School’s out soon, and for many high schoolers and college students in the Land of Enchantment, that means it’s time to start looking for summer work.
Unfortunately, as the Legislative Finance Committee recently noted, in February, “for New Mexico job seekers 16 years to 19 years old, 21.2 percent were unemployed, and for those 20 years to 24 years old, 10.4 percent were unemployed.” The rates were “far higher than the national averages of 14.4 percent and 6.8 percent, respectively.” Youth joblessness in New Mexico is “disproportionately greater than total unemployment compared with the rest of the country.”
The LFC observed that when it comes to matching young adults with employers, labor bureaucrats are remarkably inept at their job. “During the previous two fiscal years, local workforce boards served 770 youth and 856 youth, respectively, and are on track to serve in the low 800s in the current fiscal year, far below the target of 1,400.”

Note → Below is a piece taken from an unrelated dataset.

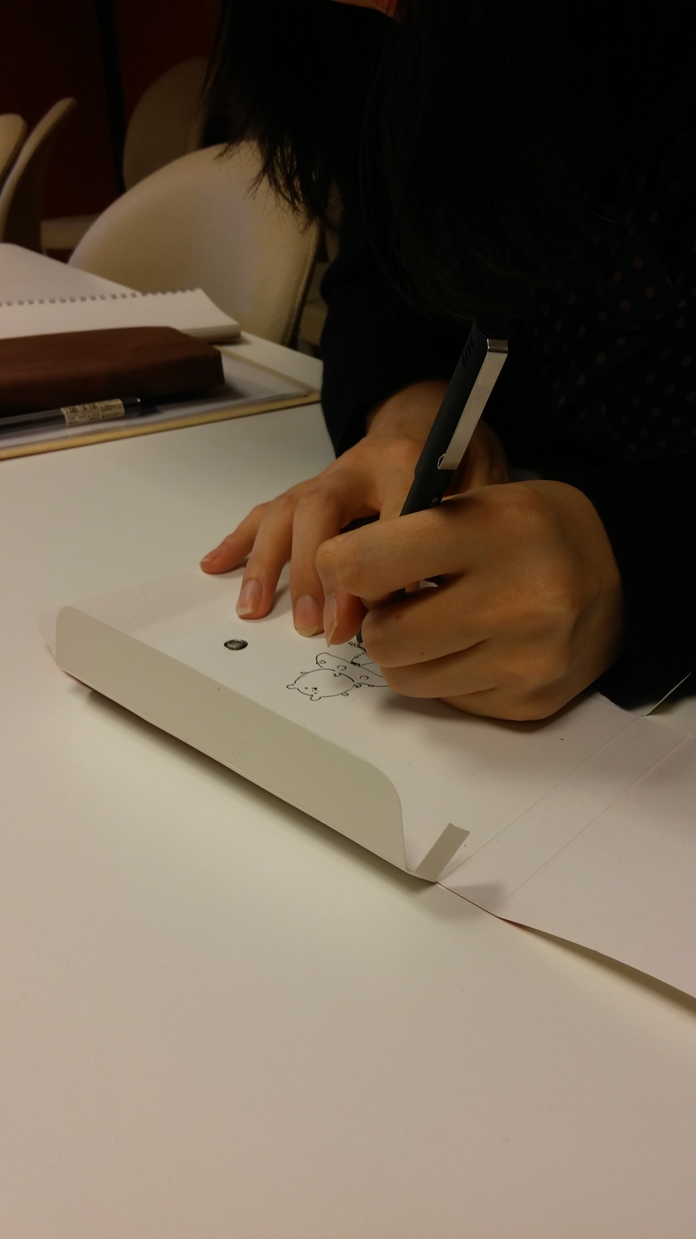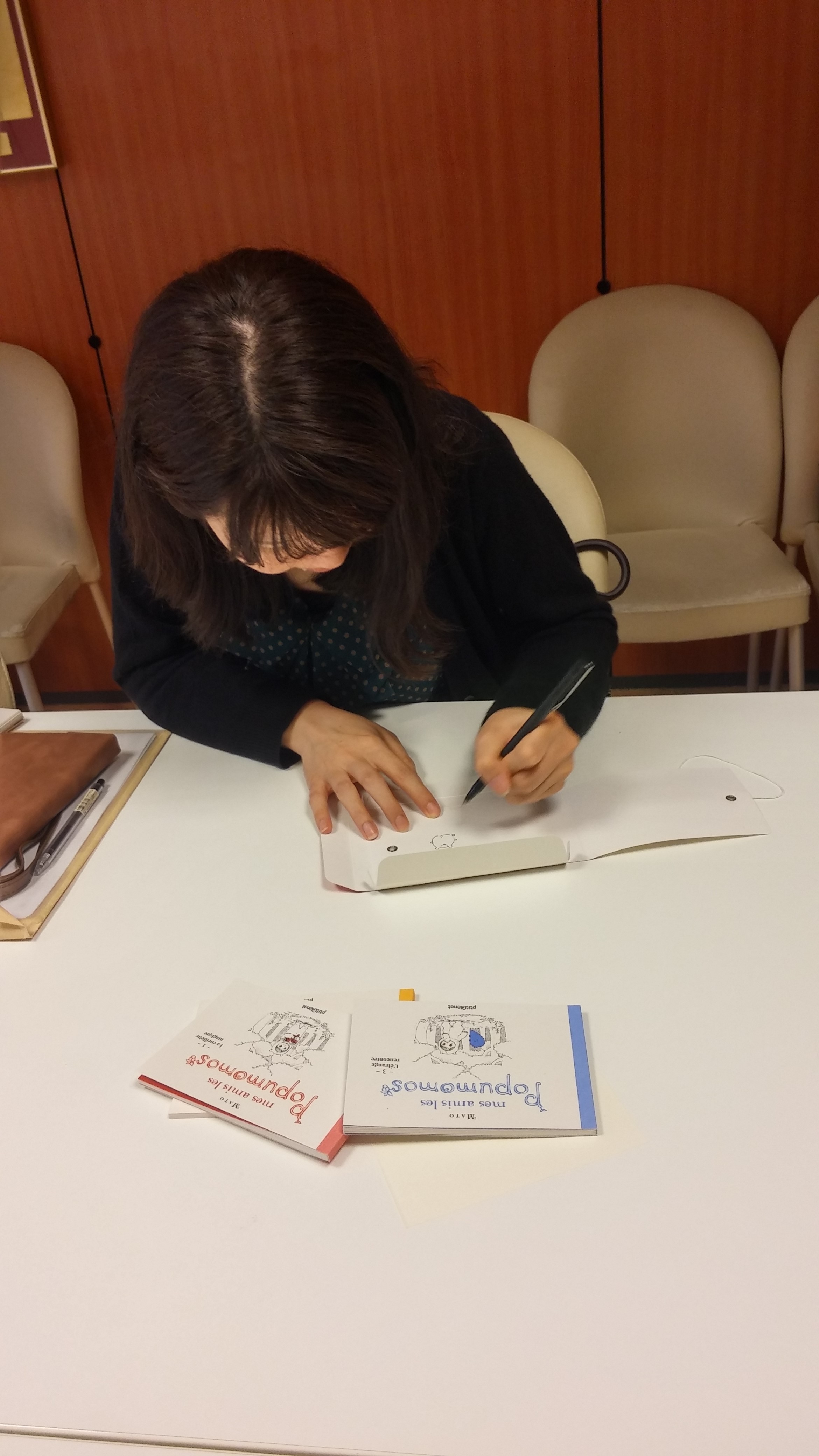 À la base j’ai créé les Popumomos pour les présenter dans un événement où tout le monde peut venir proposer soit-même ses ouvrages. Une sorte de grande vitrine où des professionnels viennent y repérer des titres intéressants ou même des choses originales. À ce moment-là, j’avais en fait deux choix qui s’offraient à moi : soit je continuais moi-même à faire des choses qui m’intéressaient et me plaisaient énormément, soit je m’adaptais au schéma professionnel japonais. C’est quand je me posais cette question que Glénat m’a contactée. Et parmi toutes mes productions, ils ont décidé de publier Mes amis les popumomos. Comme j’ai toujours rêvé de voir un jour mes livres publiés et présents en librairie, j’ai accepté. En terme de fabrication, j’ai laissé faire mon éditeur en toute confiance et toutes les propositions que j’ai reçues de sa part m’ont toujours très agréablement surprise et enthousiasmée. Dès qu’une proposition était faite, c’était le cas, donc je pense avoir eu raison de leur faire confiance.

Unsurprisingly, the LFC recommended that the state “start to focus more resources towards employing youth and building a step-up system so that once youth attain employment they do not quickly become unemployed.”
Or the state could study Econ 101.
Cowed by the pols who look to it to provide data to confirm their policy preferences, the LFC didn’t mention the role minimum-wage mandates play in driving youth joblessness. According to the Mercatus Center’s Jack Salmon: “Several empirical studies have been conducted over the course of more than two decades, with all evidence pointing toward negative effects of minimum wage rises on employment levels among the young and unskilled.”
Immediate impacts are significant. But artifically inflating pay beyond market levels has consequences years — if not decades — down the road. Tim Worstall, of the Adam Smith Institute, explained that by “making it harder for low-skilled workers to obtain an entry-level position, the minimum wage may perversely hinder the development of human capital and harm the longterm career prospects of the very people it ostensibly helps.”
The chart below depicts New Mexico’s minimum wages by jurisdiction.
No, minimum-wage mandates aren’t the sole cause of youth unemployment in New Mexico.
But they’re a major contributor, and the LFC is committing dereliction of duty by ignoring economist Mark J. Perry‘s wisdom:
The most disadvantaged Americans don’t need the alleged compassion of minimum wage advocates as much as they need entry-level jobs. And to maximize entry-level jobs, economic science tells us that we should allow market forces, not government bureaucrats and politicians, to determine wages in the labor market.